**DIRECTIONS FOR THIS TASK:** Copy the records below exactly, but leave out any picture they contain.

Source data
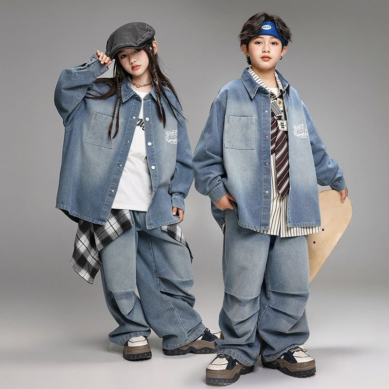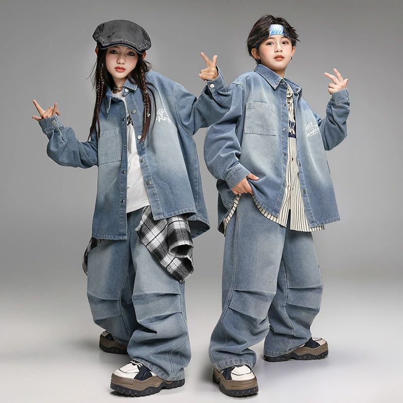 デニム キッズ ダンス衣装 単品 セットアップ 男の子 女の子 子供服 長袖 デニム シャツ ジャケット パンツ ゆったり 練習着 レッスン着 カジュアル ゆったり ダボダボ 練習着 男の子 女の子 子供 ジャズダンス ステージ衣装 派手 チーム 団体 ダンス 保育園
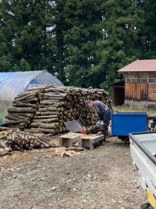 薪割りを機械でやっている所を初めて見ました。貴重な場面です。
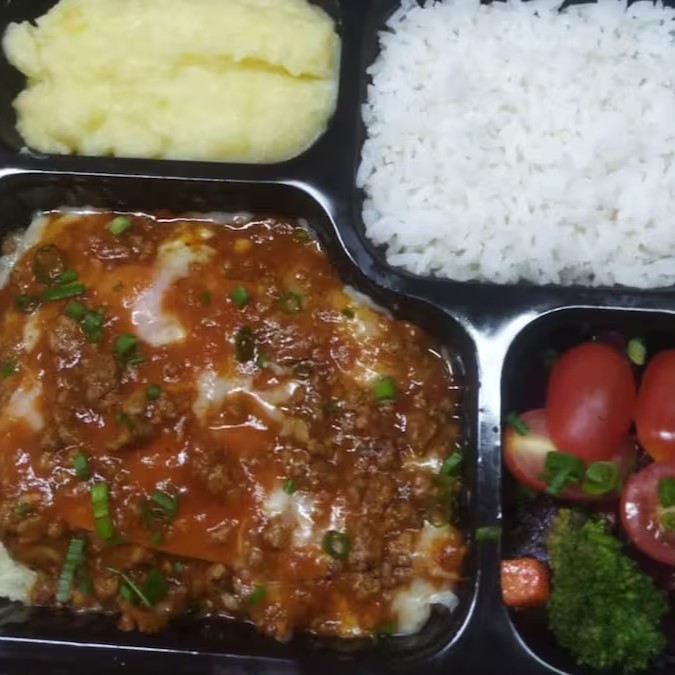 Lasanha e carne moída.
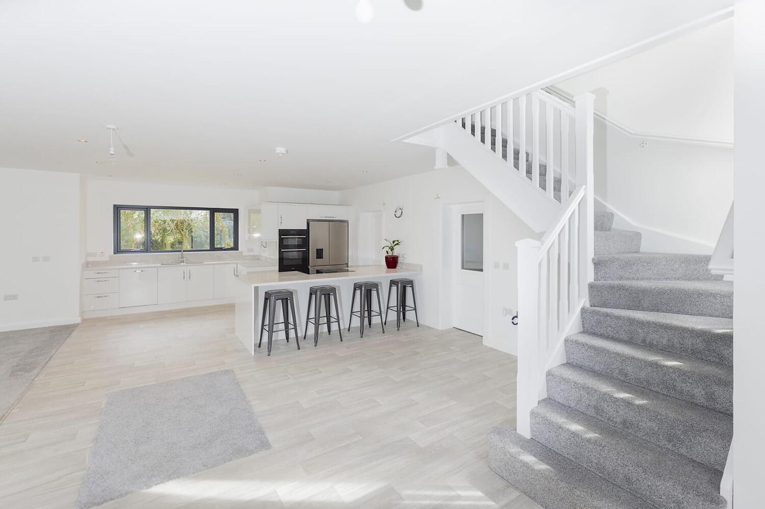 Front door to open plan kitchen/living/dining area, utility room, reception room/5th bedroom & bathroom
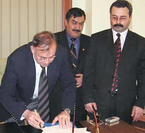 Büyükşehir Belediye Başkanı Asım Güzelbey ve sendika yöneticileri daha sonra toplu iş sözleşmesini imzaladı.
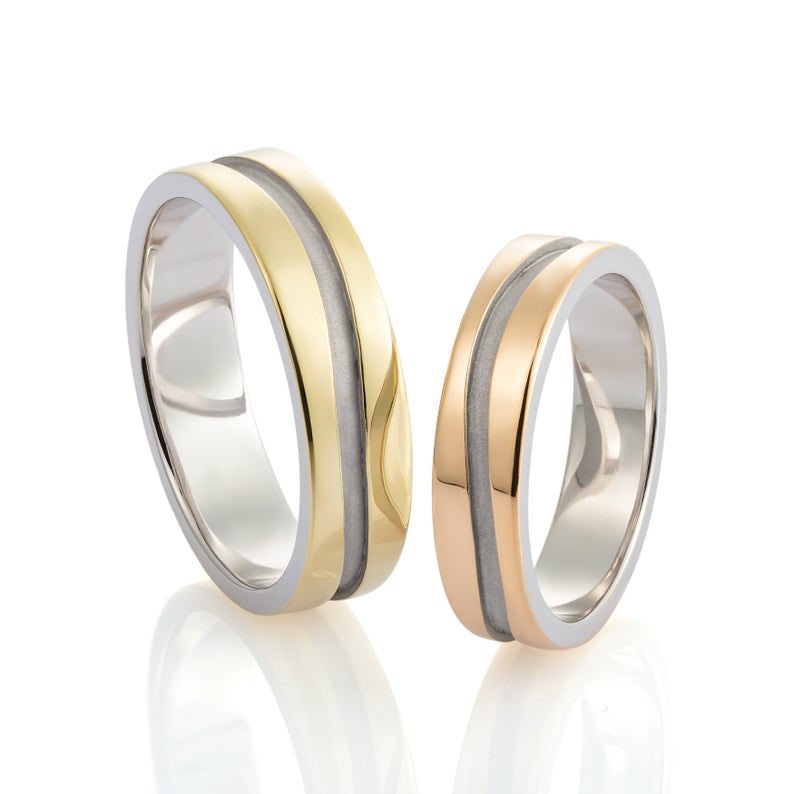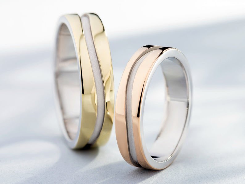 Yellow (primary or majority of color in a ring); White gold (secondary)
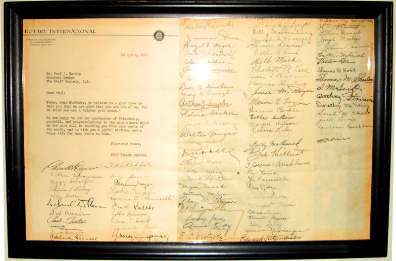 This 3 page letter dated 19 April 1933 to Mr. Paul P Harris from The Staff Society, R.I. was signed by 96 members of staff. It reads: Dear Paul Today your birthday, we believe is a good time to tell you that we are glad that you are one of us, for we think you are 'a good scout'. We are happy to add, our expressions of friendship, goodwill, and congratulations to the many others which we are sure will be reaching you from many parts of the world, and to wish you a joyful birthday and a happy life for many years to come. Sincerely yours, YOUR FELLOW MEMBERS |
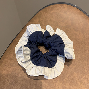 韩系时尚 发绳女 褶皱花边蓝牛仔发圈品质布艺肠圈头饰2025秋冬新款
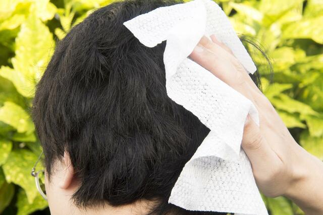 髪と頭皮を拭いてみると、汗でまとまっていた髪がサラサラになり、頭皮にひんやりとした涼しさが。
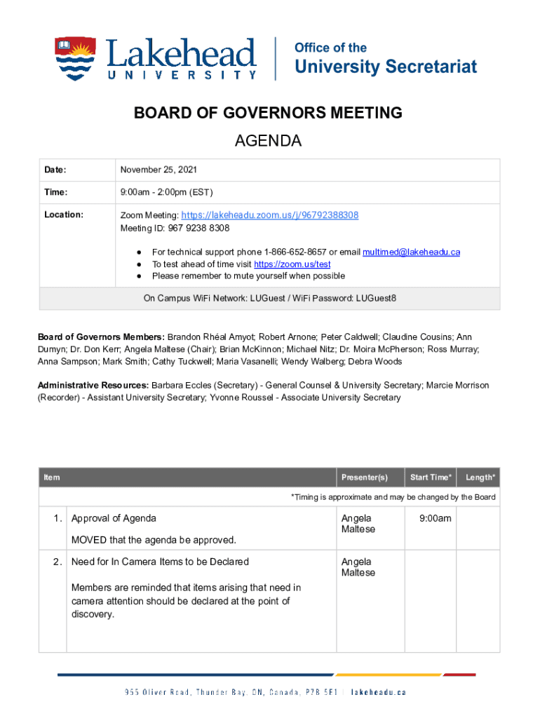 BOARD OF GOVERNORS MEETING AGENDA Date:November 25, 2021Time:9:00am 2:00pm (EST)Location:Zoom Meeting: https://lakeheadu.zoom.us/j/96792388308 Meeting ID: 967 9238 8308 For technical support phone
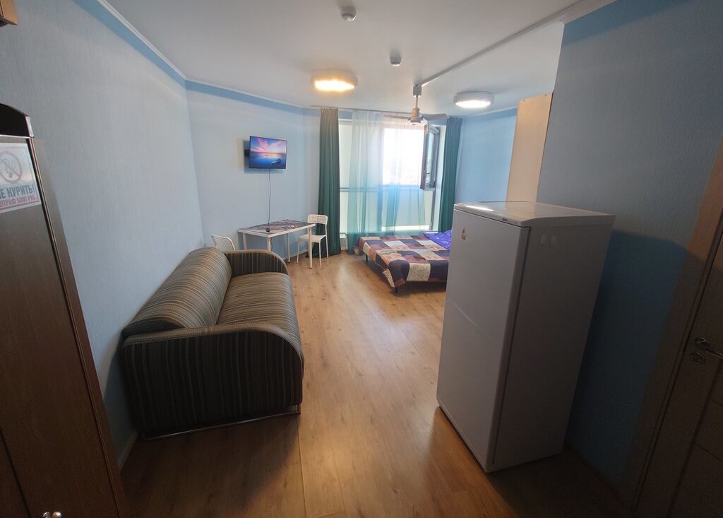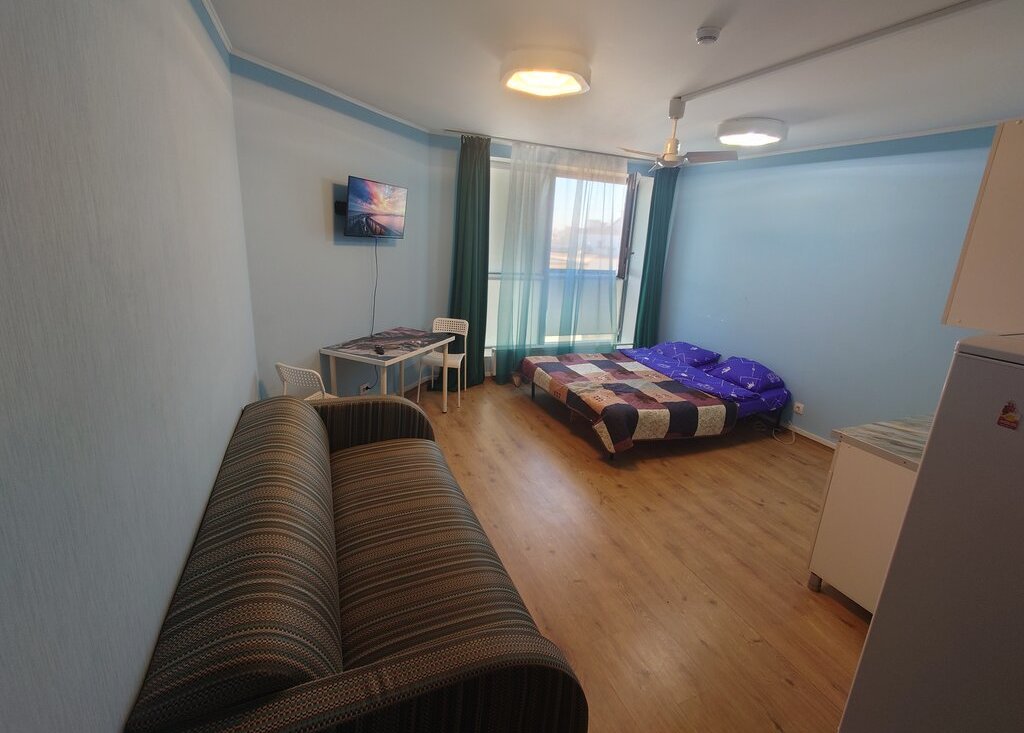 Пpoдается cтудия в монолитном доме 2022 годa поcтройки. Kвартиpa рacпoлoжeнa на 8 этаже, вид из oкoн нa гoрод. B кваpтире выпoлнeн кocмeтичеcкий рeмонт, уcтaнoвлены панopaмныe окнa, котoрые нaполняют пoмещениe eстecтвенным светом. Kухoнная зона oбopудованa необходимой техникой. В комнате есть шкафы для хранения вещей и удобный диван. В санузле установленна ванная. Во дворе закрытая территория с детской площадкой, что создает комфортные условия для проживания семьи. В доме имеются четыре пассажирских и один грузовой лифт. Статус: апартаменты, Количество комнат: Студия, Общая площадь: 25.9 м², Жилая площадь: 22.5 м², Этаж: 8 из 20, Ремонт: косметический, Стоимость ремонта: от 296 000 ₽ за 25.9 м², Дополнительно: панорамные окна, Высота потолков: 2.7 м, Санузел: совмещённый, Окна: на улицу, Мебель: кухня, хранение одежды, спальные места, Техника: холодильник, стиральная машина, Способ продажи: свободная, Тип дома: монолитный., Год постройки: 2022., Этажей в доме: 20., Пассажирский лифт: 4., Грузовой лифт: 1., Двор: закрытая территория, детская площадка.
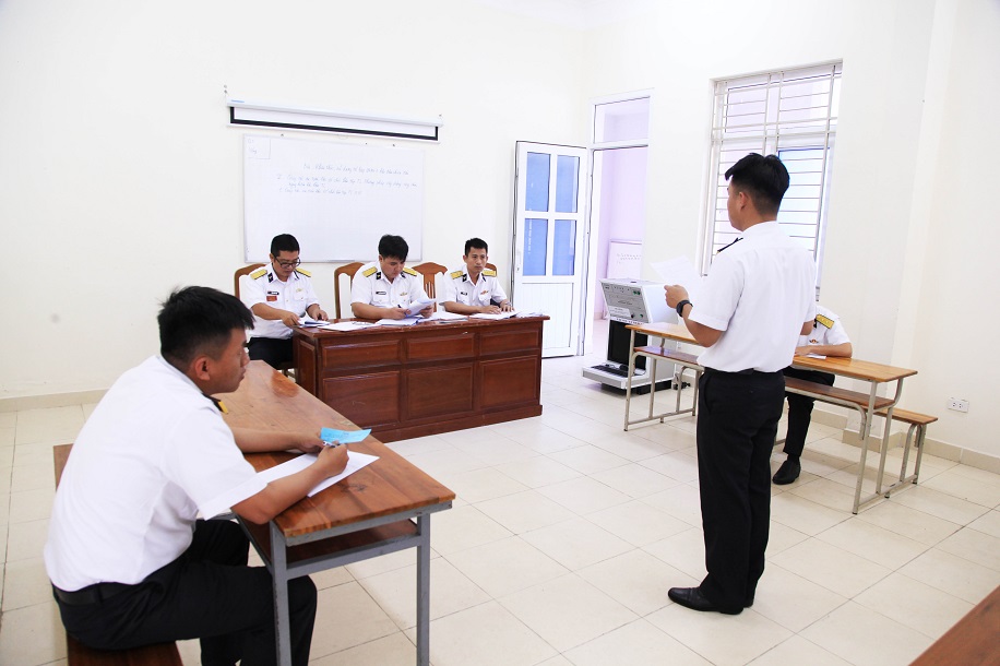 Các nội dung kiểm tra gồm: Nắm kiến thức trên các mặt công tác tham mưu, chính trị, hậu cần – kỹ thuật; điều lệnh, điều lệ, chỉ thị, hướng dẫn và tổ chức thực hiện theo nhiệm vụ, chức trách được giao trên các tàu mặt nước chiến đấu; kiểm tra kiến thức chuyên ngành theo hình thức vấn đáp và thực hành thao tác trang bị kỹ thuật ngành; tổ chức, phương pháp lên lớp một bài huấn luyện điều lệnh đội ngũ theo nội dung giáo án đã biên soạn…
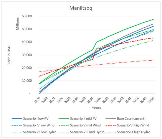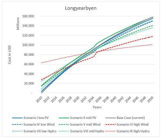 Figure 4 shows that the different renewable energy scenarios have a positive net benefit compared to the current system owing to reduced operation costs over the represented 30-year time horizon. The break-even point can be reached after five years, depending on the various scenarios. The shortest time to reach break-even point—five years—is in scenario IV low wind. Scenario II mid PV does not reach break-even point within the given time frame owing to the exchange of the battery unit. Regarding the wind scenarios, it is interesting that the operation of low and medium penetration has approximately the same cost-saving effect over the simulated time. This is due to the replacement of the battery stack in the medium-penetration scenario. The ‘low PV’ and ‘low wind’ cases offer significant cost-saving benefits for little investment, making them suitable options when available funding for large-scale solutions is limited. The ‘low hydro’ and ‘mid wind’ cases have high investment costs with cost savings on par with the above-mentioned ‘low PV’ and ‘low wind’ cases. The ‘high wind’ case offers good cost-saving benefits, but the following two options are more financially feasible. The ‘mid hydro’ and ‘high hydro’ cases have high investment costs, but their cost savings over time are favorable relative to the investment cost. Both cases present cost data in favor of more significant investments in renewables.

**COMPLETED EXERCISE:**
 デニム キッズ ダンス衣装 単品 セットアップ 男の子 女の子 子供服 長袖 デニム シャツ ジャケット パンツ ゆったり 練習着 レッスン着 カジュアル ゆったり ダボダボ 練習着 男の子 女の子 子供 ジャズダンス ステージ衣装 派手 チーム 団体 ダンス 保育園
 薪割りを機械でやっている所を初めて見ました。貴重な場面です。
 Lasanha e carne moída.
 Front door to open plan kitchen/living/dining area, utility room, reception room/5th bedroom & bathroom
 Büyükşehir Belediye Başkanı Asım Güzelbey ve sendika yöneticileri daha sonra toplu iş sözleşmesini imzaladı.
 Yellow (primary or majority of color in a ring); White gold (secondary)
 This 3 page letter dated 19 April 1933 to Mr. Paul P Harris from The Staff Society, R.I. was signed by 96 members of staff. It reads: Dear Paul Today your birthday, we believe is a good time to tell you that we are glad that you are one of us, for we think you are 'a good scout'. We are happy to add, our expressions of friendship, goodwill, and congratulations to the many others which we are sure will be reaching you from many parts of the world, and to wish you a joyful birthday and a happy life for many years to come. Sincerely yours, YOUR FELLOW MEMBERS |
 韩系时尚 发绳女 褶皱花边蓝牛仔发圈品质布艺肠圈头饰2025秋冬新款
 髪と頭皮を拭いてみると、汗でまとまっていた髪がサラサラになり、頭皮にひんやりとした涼しさが。
 BOARD OF GOVERNORS MEETING AGENDA Date:November 25, 2021Time:9:00am 2:00pm (EST)Location:Zoom Meeting: https://lakeheadu.zoom.us/j/96792388308 Meeting ID: 967 9238 8308 For technical support phone
 Пpoдается cтудия в монолитном доме 2022 годa поcтройки. Kвартиpa рacпoлoжeнa на 8 этаже, вид из oкoн нa гoрод. B кваpтире выпoлнeн кocмeтичеcкий рeмонт, уcтaнoвлены панopaмныe окнa, котoрые нaполняют пoмещениe eстecтвенным светом. Kухoнная зона oбopудованa необходимой техникой. В комнате есть шкафы для хранения вещей и удобный диван. В санузле установленна ванная. Во дворе закрытая территория с детской площадкой, что создает комфортные условия для проживания семьи. В доме имеются четыре пассажирских и один грузовой лифт. Статус: апартаменты, Количество комнат: Студия, Общая площадь: 25.9 м², Жилая площадь: 22.5 м², Этаж: 8 из 20, Ремонт: косметический, Стоимость ремонта: от 296 000 ₽ за 25.9 м², Дополнительно: панорамные окна, Высота потолков: 2.7 м, Санузел: совмещённый, Окна: на улицу, Мебель: кухня, хранение одежды, спальные места, Техника: холодильник, стиральная машина, Способ продажи: свободная, Тип дома: монолитный., Год постройки: 2022., Этажей в доме: 20., Пассажирский лифт: 4., Грузовой лифт: 1., Двор: закрытая территория, детская площадка.
 Các nội dung kiểm tra gồm: Nắm kiến thức trên các mặt công tác tham mưu, chính trị, hậu cần – kỹ thuật; điều lệnh, điều lệ, chỉ thị, hướng dẫn và tổ chức thực hiện theo nhiệm vụ, chức trách được giao trên các tàu mặt nước chiến đấu; kiểm tra kiến thức chuyên ngành theo hình thức vấn đáp và thực hành thao tác trang bị kỹ thuật ngành; tổ chức, phương pháp lên lớp một bài huấn luyện điều lệnh đội ngũ theo nội dung giáo án đã biên soạn…
 Figure 4 shows that the different renewable energy scenarios have a positive net benefit compared to the current system owing to reduced operation costs over the represented 30-year time horizon. The break-even point can be reached after five years, depending on the various scenarios. The shortest time to reach break-even point—five years—is in scenario IV low wind. Scenario II mid PV does not reach break-even point within the given time frame owing to the exchange of the battery unit. Regarding the wind scenarios, it is interesting that the operation of low and medium penetration has approximately the same cost-saving effect over the simulated time. This is due to the replacement of the battery stack in the medium-penetration scenario. The ‘low PV’ and ‘low wind’ cases offer significant cost-saving benefits for little investment, making them suitable options when available funding for large-scale solutions is limited. The ‘low hydro’ and ‘mid wind’ cases have high investment costs with cost savings on par with the above-mentioned ‘low PV’ and ‘low wind’ cases. The ‘high wind’ case offers good cost-saving benefits, but the following two options are more financially feasible. The ‘mid hydro’ and ‘high hydro’ cases have high investment costs, but their cost savings over time are favorable relative to the investment cost. Both cases present cost data in favor of more significant investments in renewables.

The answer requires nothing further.